In childhood, our relationships with our caregivers imprint upon us our sense of self-worth and our value in the world. When those relationships are fractured from abuse or loss, or we are told that our needs and emotions don’t matter—that we are a problem, the odd one out, or are only worthy of love when we fit a specific mold—those messages become the internal voices that guide us as we grow into adulthood. Whether these were told to us explicitly, or implicitly understood, this attachment rupture, this relational trauma, affects us for years to come.

Relational trauma, the childhood wound

Relational trauma is the outcome of mistreatment in childhood. Abuse, neglect, abandonment, excessive criticism, withholding affection, being ignored or disregarded, or demands to conform can all add to a child’s relational trauma. Feeling safe as a child depends on being considered acceptable to our caregivers, and when it is clear that acceptance and love is not available, a child will internalize that messaging and assume they are the ones at fault. It is easier for a child—and later for an adult with relational trauma—to assume there is something wrong with them, versus recognizing that the caregivers a child depended on were not equipped or successful in meeting their needs. 

In later life, relational trauma can manifest as mental health struggles and also in how we relate to others. We may repeat the same emotional patterns we experienced as children, pushing us toward people-pleasing or emotional volatility. PTSD, cPTSD, depression, and anxiety are also often an issue for those who experience relational trauma, as well as physical symptoms like chronic pain, digestive issues, and migraines. 

Relational trauma and shame: a heavy burden

One of the major manifestations of relational trauma is shame. The shame of relational trauma, when you boil it down, stems from a personal sense of worthlessness, disconnection from others and a driving need to feel safe by being considered acceptable to others. Shame can become especially troubling when there is a demand of secrecy around the abuse suffered in childhood, as secrecy feeds shame. A pervasive feeling of being the “bad” or “wrong” part of an interaction with others is deeply damaging to your ability to understand your actual self-worth. 

Shame can show up in your life as:

  • Feeling worthless or undeserving of any kindness or good things
  • Pushing others away to avoid the disappointment of them leaving you later
  • Sticking with relationships that you know aren’t working or healthy, because you feel there’s nothing else possible
  • Substance use, reckless behaviors, self-harm, or eating disorders to try to soothe the hurt of shame
  • Rage and emotional or physical violence from overwhelm of the feelings of shame
  • Keeping secrets about who you are or what has happened in your life
  • Having a hard time relating to others, especially when they’re having a hard time; shame makes the reminders of your own hard times overwhelming

If any of these feel familiar, please know, shame and relational trauma are not permanent. Healing from shame is possible. It may feel like these emotions are an inherent part of you, or an actual assessment of your worth. Shame from relational trauma has nothing to do with what you deserve in life or who you are, it is a way you learned to cope that has developed over time. But healthier ways of coping is possible, and freedom from shame is something you absolutely, unreservedly deserve.

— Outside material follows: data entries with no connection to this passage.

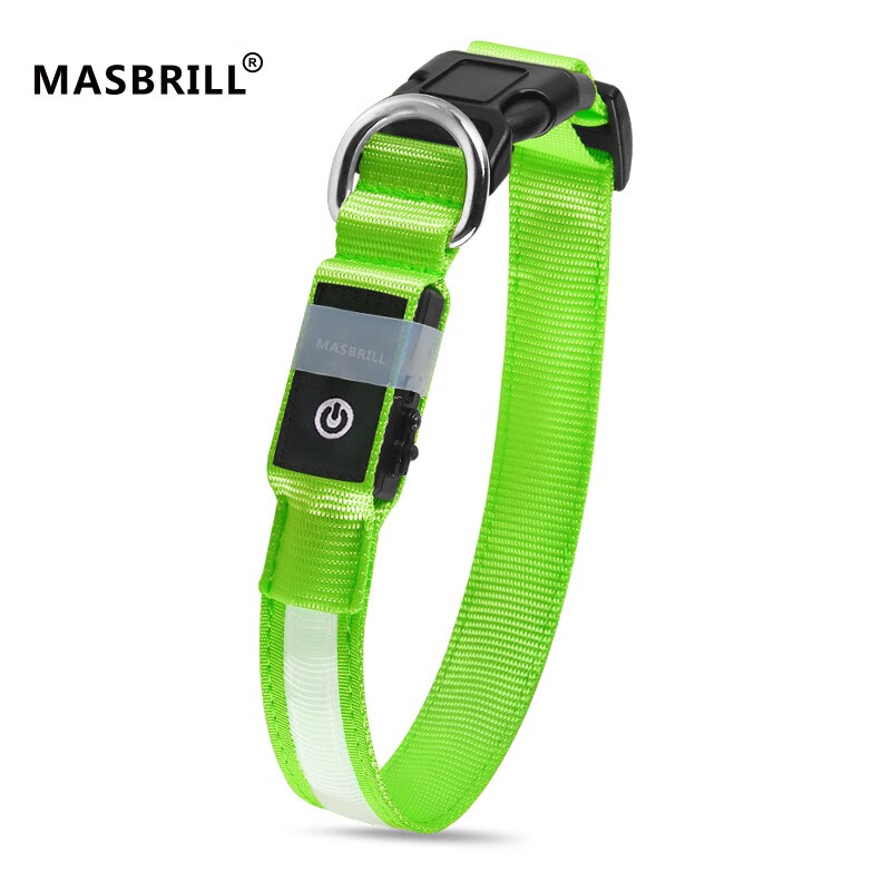 玛思贝瑞(MASBRILL)狗狗项圈 发光脖套 中大小型犬小狗拉布拉多泰迪柴犬金毛宠物用品脖圈 绿色 S 适用颈围28-40cm
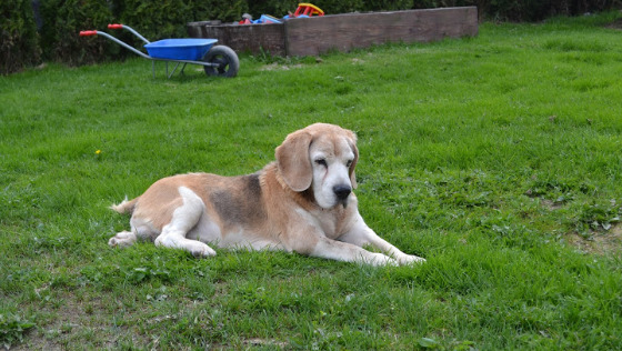 Z Kliniki pojechałem do hotelu dla zwierząt. Teraz w nim mieszkam. Jestem na emeryturze. Jest tu bardzo fajnie - troskliwa opiekunka, dobre jedzenie, zielona trawa i inne beagle.
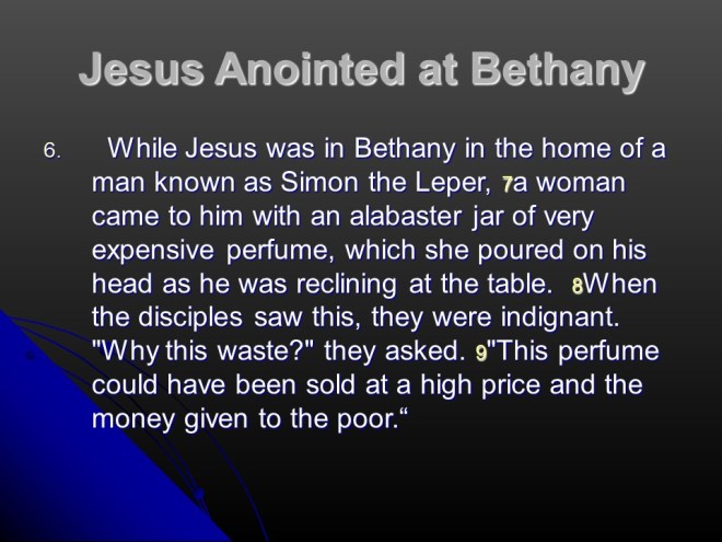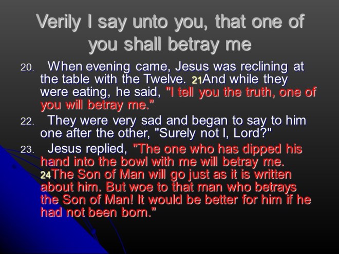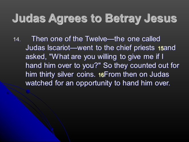 Matthew 26:1-30 is very important. It begins with the plot against Jesus, continuing with his anointing at Bethany, then Judas agreeing to betray Jesus for thirty pieces of silver. The Lord’s supper was initiated, and Jesus predicted who was going to betray him.
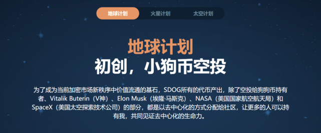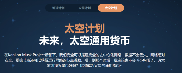 另外,小狗币还让我觉得有意思的地方是它官网上的三个计划:地球计划&火星计划&太空计划。乍一看,有种要称霸宇宙的意思啊。
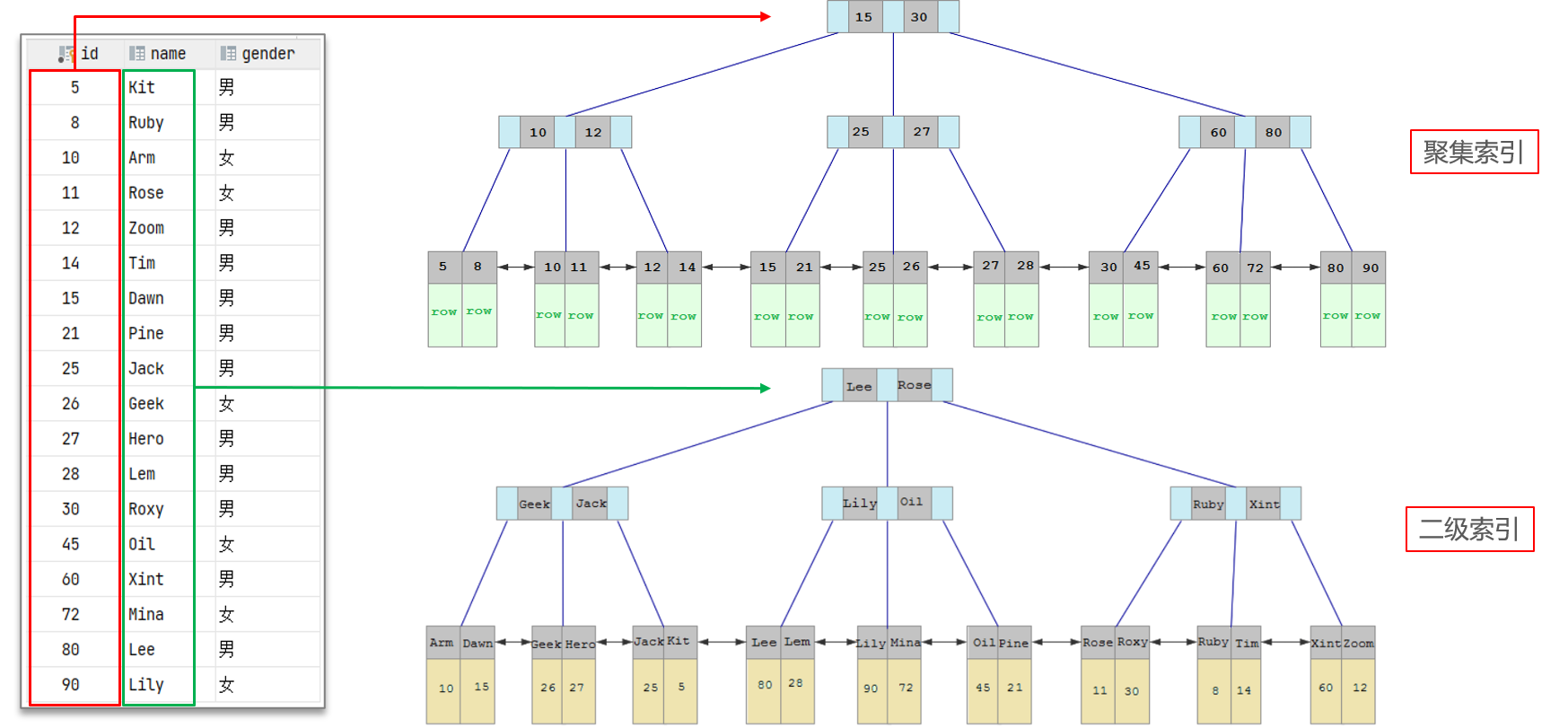 非聚簇索引(二级索引):数据与索引分开存储,B+树的叶子节点保存对应的主键,可以有多个
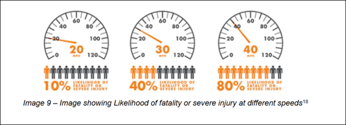 20mph. The strategy references 20mph as a safe speed for roads shared with people walking and cycling as this carries a 10% risk of death or severe injury for a pedestrian in a crash (see graphic below (page 29)). Oxfordshire is committed to rolling out 20mph to the vast majority of its towns and villages (82%), but it is these shared main roads which carry the highest risk and the greatest need for reduced speed.
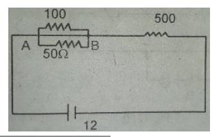 Q. 21. Two resistance of and are placed in series with 50V mains supply. What will be the reading on a voltmeter of internal resistance 2000 when placed across the 1000 resistor? What fractional change in voltage occurs when voltmeter is connected? Ans: 12V, 25%
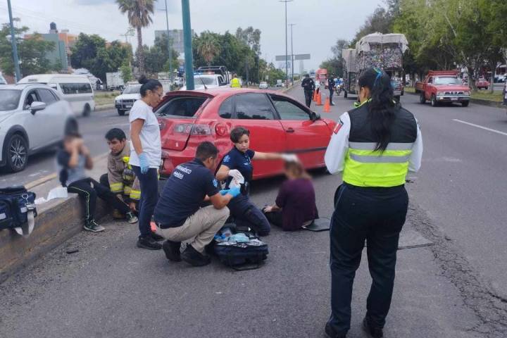 El aparatoso accidente se registró frente a la terminal de autobuses de Morelia, en el sentido de Macroplaza Estadio, hacia salida a Quiroga, donde terminó severamente dañado un auto Ibiza de color rojo, con matrícula 631-XYA.
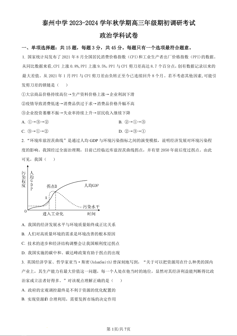 江苏省泰州中学2024届高三上学期期初调研考试政治(原卷版)
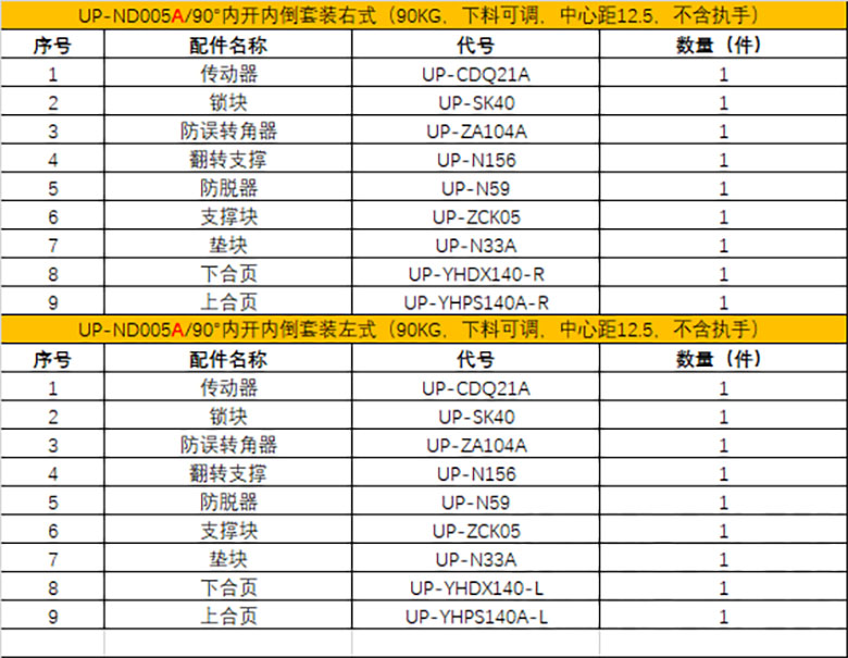 90°内开内倒套装(70KG 下料可调 合页不可调 中心距12.5 不含执手)
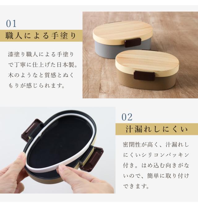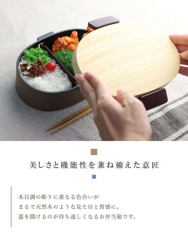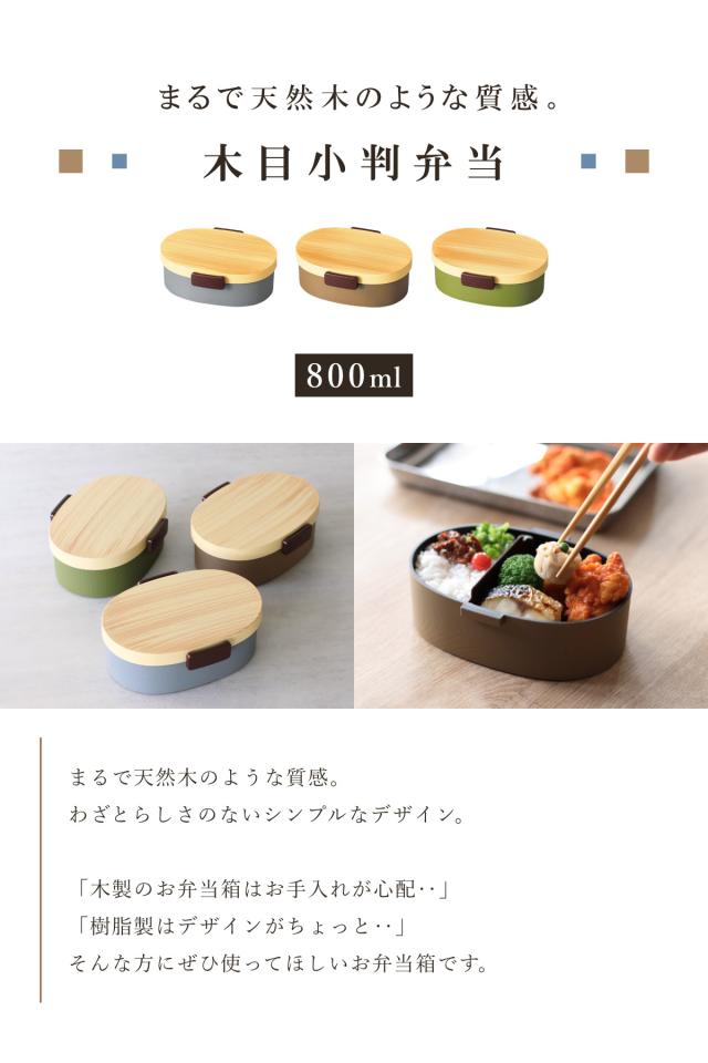 弁当箱 1段 800ml 木目小判弁当 大 タイト式 ツートーン ( お弁当箱 ランチボックス 一段 レンジ対応 食洗機対応 弁当箱 1段)
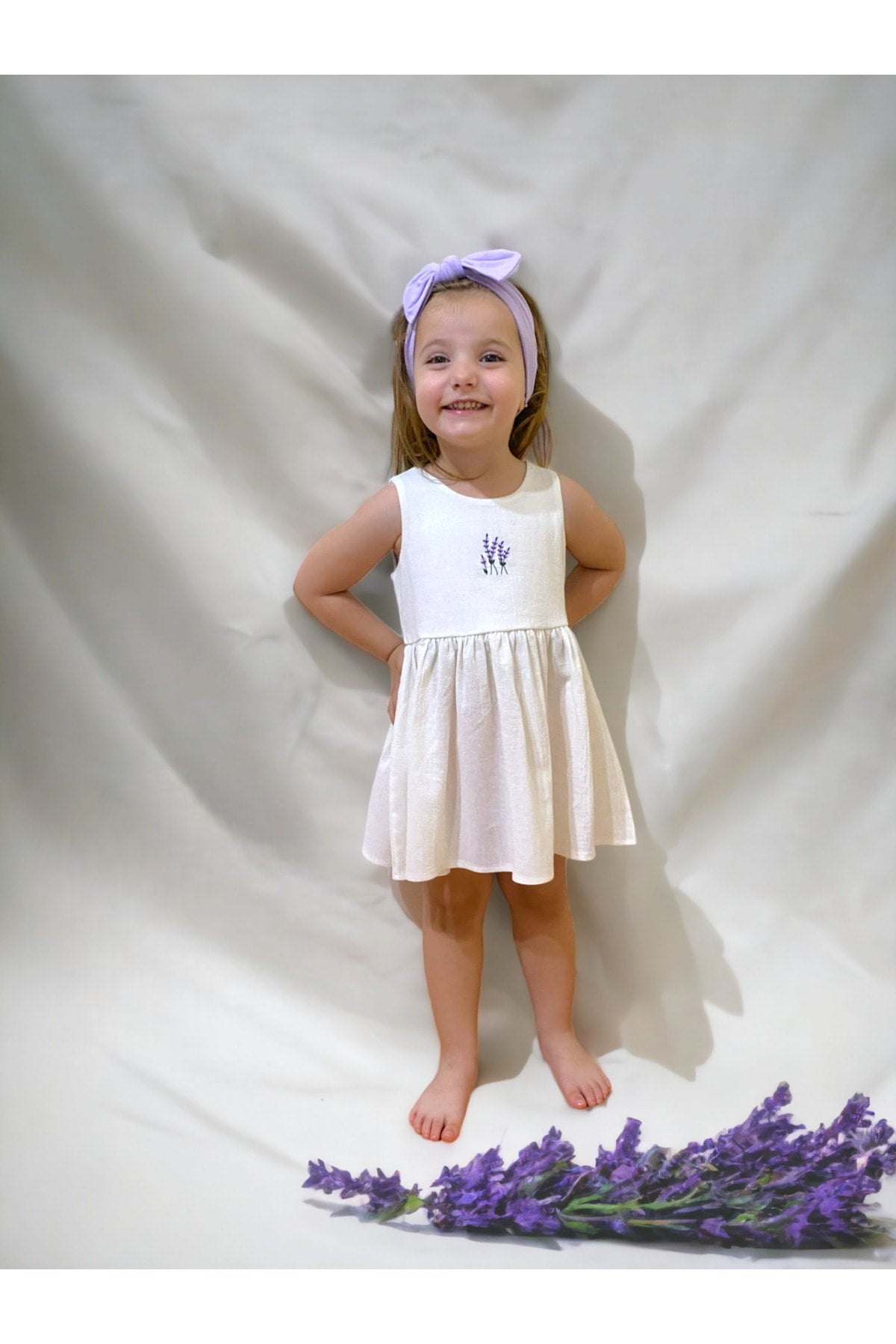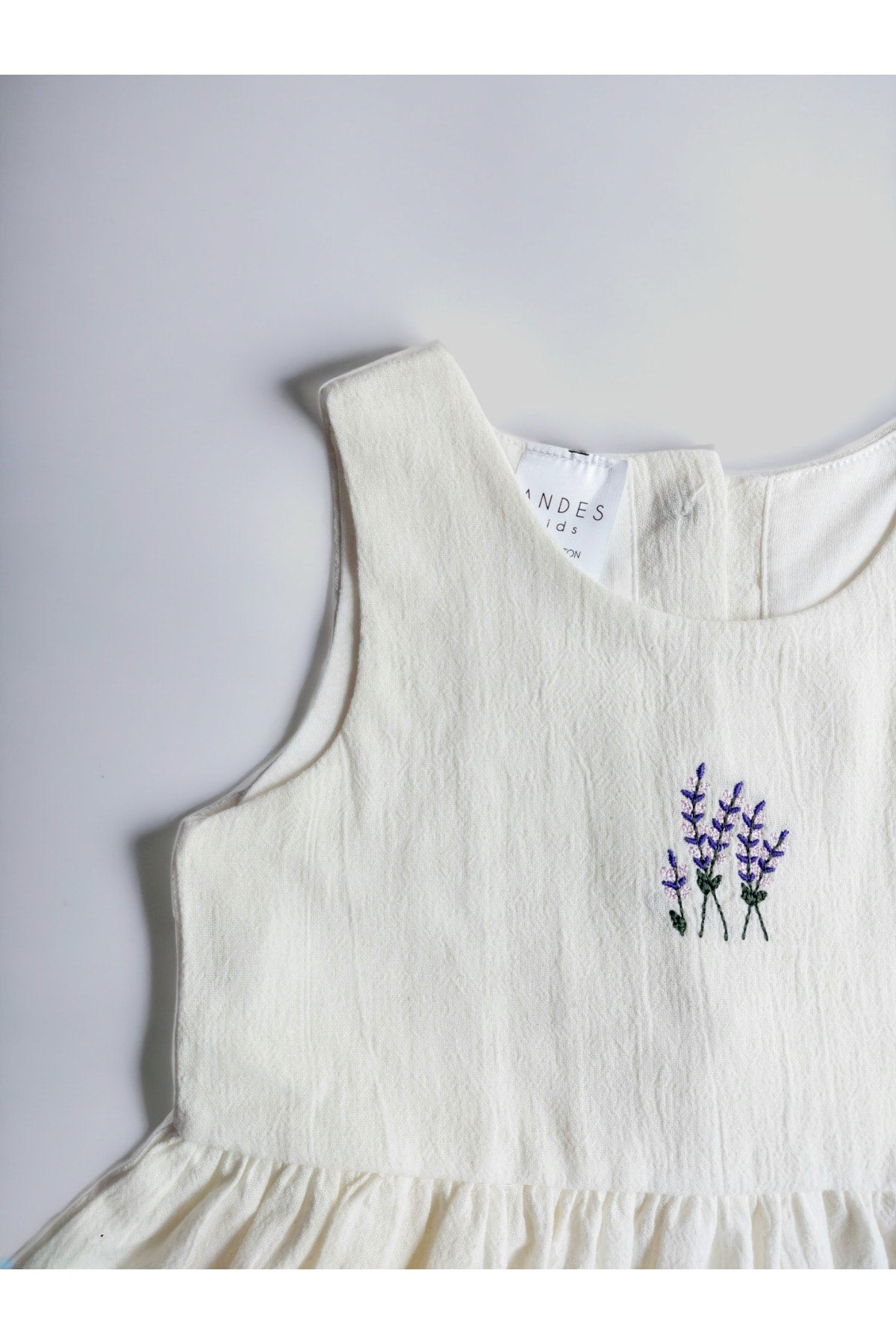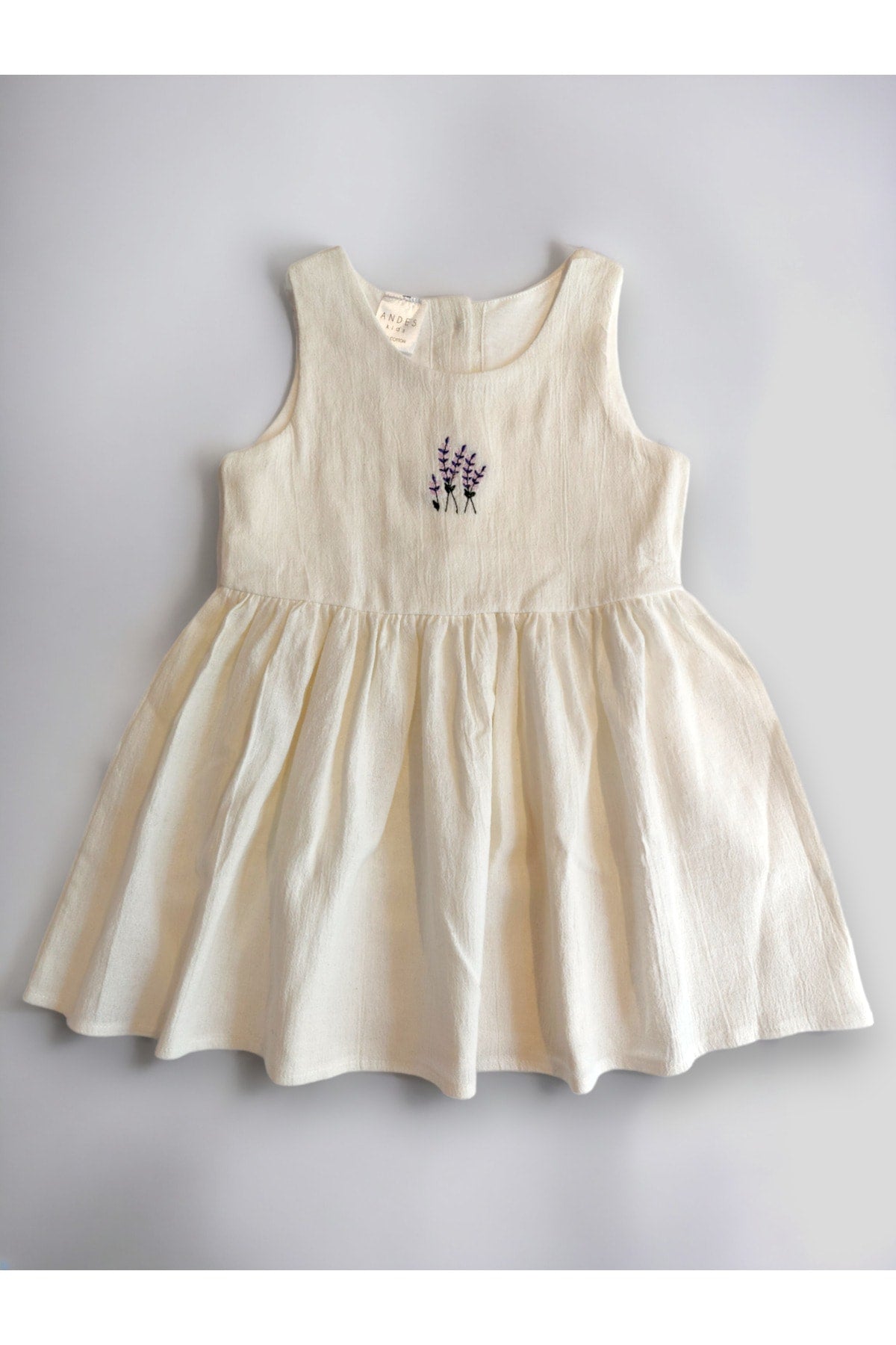100% Cotton Organic Lavender Embroidery Girl Dress 1-5 Years

Healing from shame with compassion

When you start to understand that your low self-worth and troubling behaviors stem from relational trauma, that alone can bring about more shame. It is important, as you embark on this journey of untangling shame from your life, that you extend whole-hearted, complete compassion toward yourself, to offer yourself balance and healing. 

Self-compassion combats shame

When you look at yourself as a whole human being, with faults, strengths, and an inherent value all your own, you are developing a sense of self-compassion. Self-compassion is a practice that asks you to look on your struggles the way you would a friend going through the same thing.

It may seem overwhelming to start a practice of self-compassion; how can you turn your entire way of approaching yourself on its head? How will you begin to believe in yourself, when you’ve spent your life struggling with shame? Mindfulness can help you bring pause to the incessant inner critic, so you can unwind those unhelpful narratives, and approach your thoughts without judgment.

Mindfulness and healing from shame

When practicing mindfulness, you’re working on looking at yourself as you are, in the moment. Noticing your thoughts is a good starting point. Instead of trying to twist away from your thoughts, simply notice them, without considering them good, or bad. Relating to your thoughts as just thoughts, instead of compelling absolute truths, can let you start deciding what you do, and do not, want to listen to. 

Healing from shame with connection

Connecting with others, when they feel threatening to your fragile sense of self may seem counter-intuitive. But sharing yourself with others, including sharing your experiences of shame, can make all the difference in your healing.

Coregulation and compassion for healing from shame

Being with others, such as being in therapy with a trusted clinician, can give you space to coregulate your nervous system. When we are around others that we trust, we can start to relax. Our nervous system responds to their cues of comfort and welcome, and working with a therapist can be a very safe way to start practicing feeling safe around other people. 

Engaging with community connects you to others, fostering a deeper understanding of yourself through shared experiences. Seek opportunities to spend time with diverse groups of people and practice offering them acceptance and kindness. As you extend compassion to others, take note of how they reflect aspects of yourself or situations you can relate to. By expanding the acceptance you give to others, you also nurture self-acceptance. Recognizing similarities between yourself and others establishes connections that foster love and a sense of security in your life.

Sharing your story takes power back from shame

Alongside that connection comes sharing and openness. When you’re working on mindfulness, you can also start to notice how often you feel shame. Consider, when feeling shame, whether you can share that experience with your therapist, or expand your vulnerability to friends around you. Recognizing your emotion as shame, instead of a truth about your worth, lets you see where shame has twisted your understanding of yourself. Sharing it takes back power from shame. Shame thrives on secrecy, and being accepted and supported in sharing shame helps you see that shame is not the truth.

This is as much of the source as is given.